I would say it's probably more helpful while you're coding than at test/CI time because it will be, indubitably, flakey.
However, for a local developer workflow I can see a reasonable value in being able to go:
Take every function in my code and scan it to figure out if you think it's implemented correctly, and let me know if you spot anything that looks weird / wrong / broken. Ideally only functions that I've touched in my branch.
So... you know. Cool idea. I think it's overselling how useful it is, but hey, smash your AI into every possible thing and eventually you'll find a few modestly interesting uses for it.
This is probably a modestly interesting use case.
> suite allows you to run the tests asynchronously, and since the main bottleneck is IO (all the computations happen in a GPU in the cloud) it means that you can run your tests very fast.
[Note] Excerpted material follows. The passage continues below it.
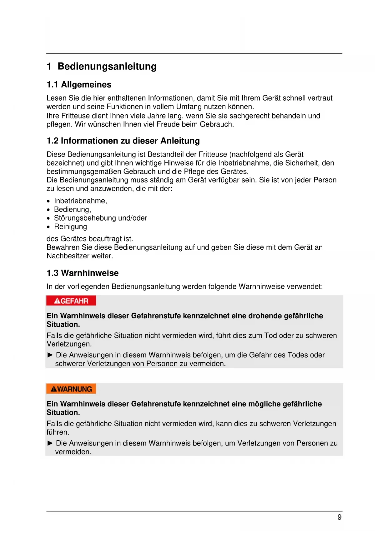 Diese Bedienungsanleitung ist Bestandteil der Fritteuse (nachfolgend als Gerät bezeichnet) und gibt Ihnen wichtige Hinweise für die Inbetriebnahme, die Sicherheit, den bestimmungsgemäßen Gebrauch und die Pflege des Gerätes. Die Bedienungsanleitung muss ständig am Gerät verfügbar sein. Sie ist von jeder Person zu lesen und anzuwenden, die mit der: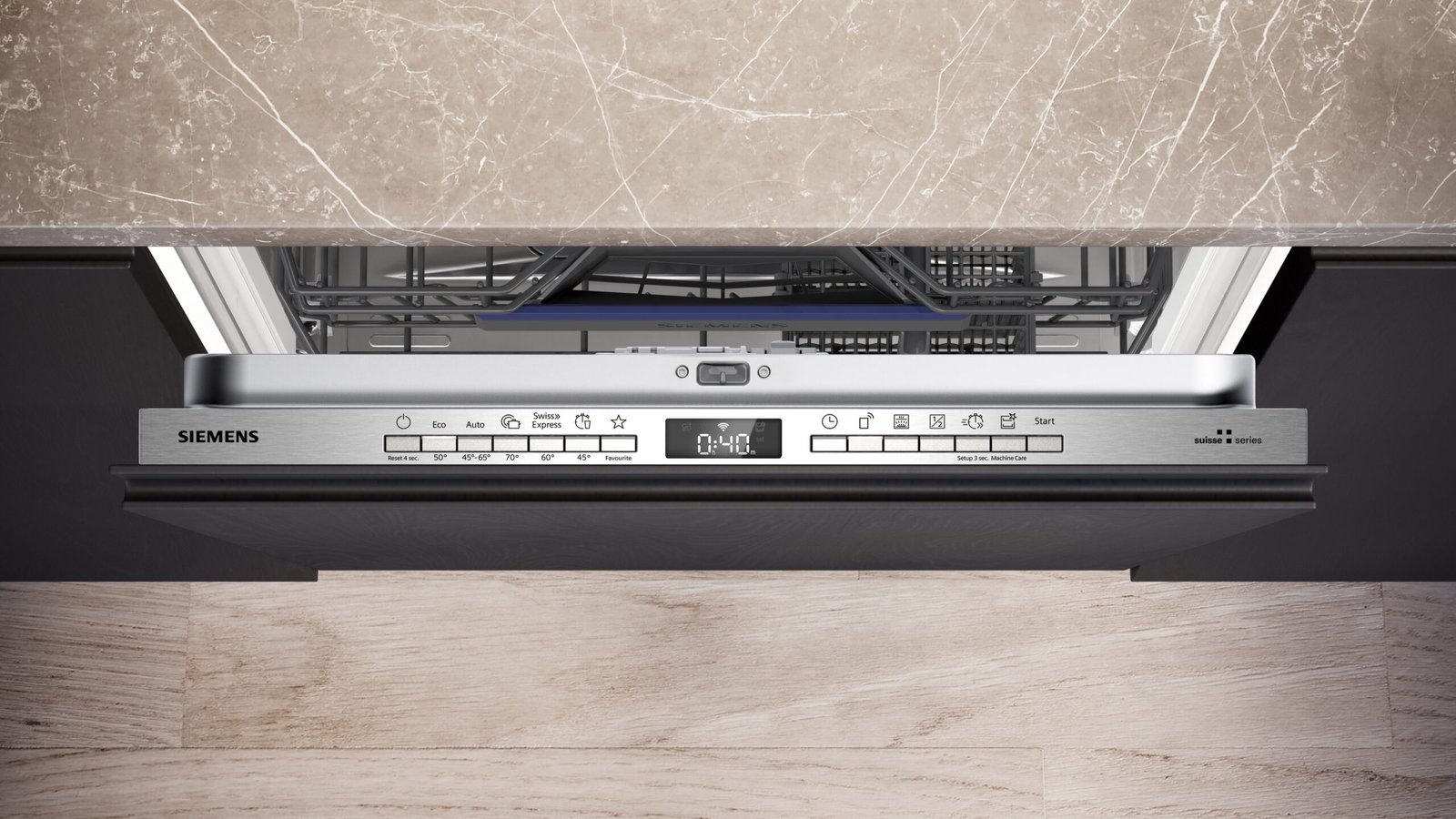 - 6 Programme: Eco 50 °C, Auto 45-65 °C, Intensiv 70 °C, Swiss-Express 60 °C, Speed 45 °C, Favorit

This is a huge advantage in comparison to standard tests, which need to be run sequentially.
uh... that said, saying that it's fast to run your functions through an LLM compared to, you know, just running tests, is a little bit strange.
I'm certain your laptop will melt if you run 500 functions in parallel through ollama gemma-3.
Running it over a network is, obviously, similarly insane.
This would also be enormously and time consuming and expensive to use with a hosted LLM api.
The 'happy path' is probably having a plugin in your IDE that scans the files you touch and then runs this in the background when you make a commit somehow using a local LLM of sufficient complexity it can be useful (gemma3 would probably work).
Kind of like having your tests in 'watch mode'; you don't expect instant feedback, but some-time-after you've done something you get a popup saying 'oh hey, are you sure you meant to return a string here..?'
Maybe it would just be annoying. You'd have to build it out properly and see. /shrug
I think it's not implausible though, that you could see something vaguely like this that was generally useful.
Probably what you see in this specific implementation is only the precursory contemplations of something actually useful though. Not really useful on its own, in its current form, imo.